The required output is every line from the one containing "Cánh tủ bếp" through the last line of the listing below, copied exactly, pictures excluded.

**RECORDED INFORMATION:**
⁂
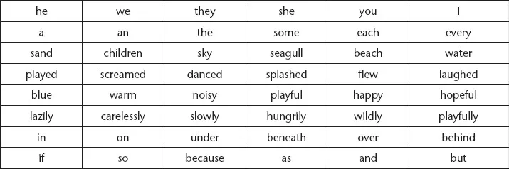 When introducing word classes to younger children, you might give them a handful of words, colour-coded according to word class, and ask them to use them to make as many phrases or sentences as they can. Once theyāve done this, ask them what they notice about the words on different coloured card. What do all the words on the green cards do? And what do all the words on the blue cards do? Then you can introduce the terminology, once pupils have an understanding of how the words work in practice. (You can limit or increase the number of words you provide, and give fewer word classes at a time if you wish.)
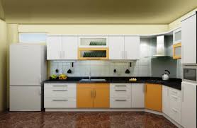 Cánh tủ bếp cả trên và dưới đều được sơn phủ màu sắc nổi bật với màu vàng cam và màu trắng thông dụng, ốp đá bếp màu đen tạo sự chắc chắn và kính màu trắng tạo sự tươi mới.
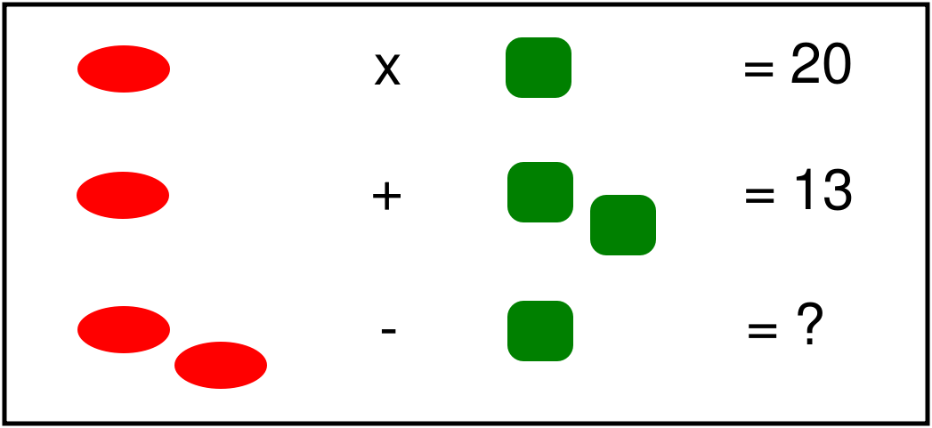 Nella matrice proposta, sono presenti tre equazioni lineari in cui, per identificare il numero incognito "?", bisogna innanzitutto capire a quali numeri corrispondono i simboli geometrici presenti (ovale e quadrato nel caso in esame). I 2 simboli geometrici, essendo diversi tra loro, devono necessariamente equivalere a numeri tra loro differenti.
⁂
**TASK RESPONSE:**
 Cánh tủ bếp cả trên và dưới đều được sơn phủ màu sắc nổi bật với màu vàng cam và màu trắng thông dụng, ốp đá bếp màu đen tạo sự chắc chắn và kính màu trắng tạo sự tươi mới.
 Nella matrice proposta, sono presenti tre equazioni lineari in cui, per identificare il numero incognito "?", bisogna innanzitutto capire a quali numeri corrispondono i simboli geometrici presenti (ovale e quadrato nel caso in esame). I 2 simboli geometrici, essendo diversi tra loro, devono necessariamente equivalere a numeri tra loro differenti.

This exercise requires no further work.